- **Data section**:
◇ ◇ ◇
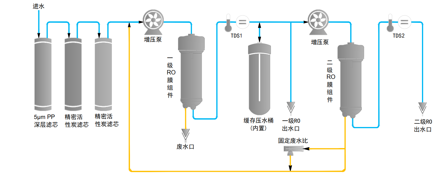 | ?一級RO水 | 離子截留率98%-99%(新膜),有機物截留率>99%(MW>200道爾頓)、顆粒和細菌截留率>99% | |
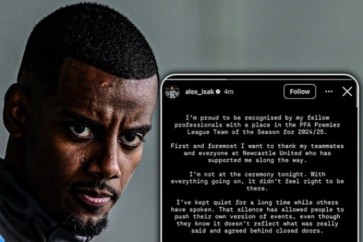 8月19日:伊萨克缺席PFA颁奖礼,通过社媒声明指控纽卡违背承诺,称"分手对双方都是最佳选择"。
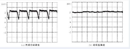 圖6 中所標(biāo)的電壓值為乘以分壓器變比以后的值。圖6(a) 為沒有經(jīng)過并聯(lián)的兩路分別輸出時(shí)的電壓波形,可以看到,單路電壓輸出存在缺口,而且缺口處脈動(dòng)較大,并有一定的毛刺。圖中6(b)為兩路并聯(lián)后輸出的電壓波形(未經(jīng)電容濾波),與圖6(a)相比較,可以清楚地看到兩路并聯(lián)后,大的缺口在輸出波形中消失,輸出電壓脈動(dòng)明顯減小,紋波變低,達(dá)到了實(shí)驗(yàn)?zāi)康?,?yàn)證了設(shè)計(jì)思想的正確性。
◇ ◇ ◇
- **What is expected**:
Apart from the images, please copy every line of the data exactly as written.

- **Task answer**:
 | ?一級RO水 | 離子截留率98%-99%(新膜),有機物截留率>99%(MW>200道爾頓)、顆粒和細菌截留率>99% | |
 8月19日:伊萨克缺席PFA颁奖礼,通过社媒声明指控纽卡违背承诺,称"分手对双方都是最佳选择"。
 圖6 中所標(biāo)的電壓值為乘以分壓器變比以后的值。圖6(a) 為沒有經(jīng)過并聯(lián)的兩路分別輸出時(shí)的電壓波形,可以看到,單路電壓輸出存在缺口,而且缺口處脈動(dòng)較大,并有一定的毛刺。圖中6(b)為兩路并聯(lián)后輸出的電壓波形(未經(jīng)電容濾波),與圖6(a)相比較,可以清楚地看到兩路并聯(lián)后,大的缺口在輸出波形中消失,輸出電壓脈動(dòng)明顯減小,紋波變低,達(dá)到了實(shí)驗(yàn)?zāi)康?,?yàn)證了設(shè)計(jì)思想的正確性。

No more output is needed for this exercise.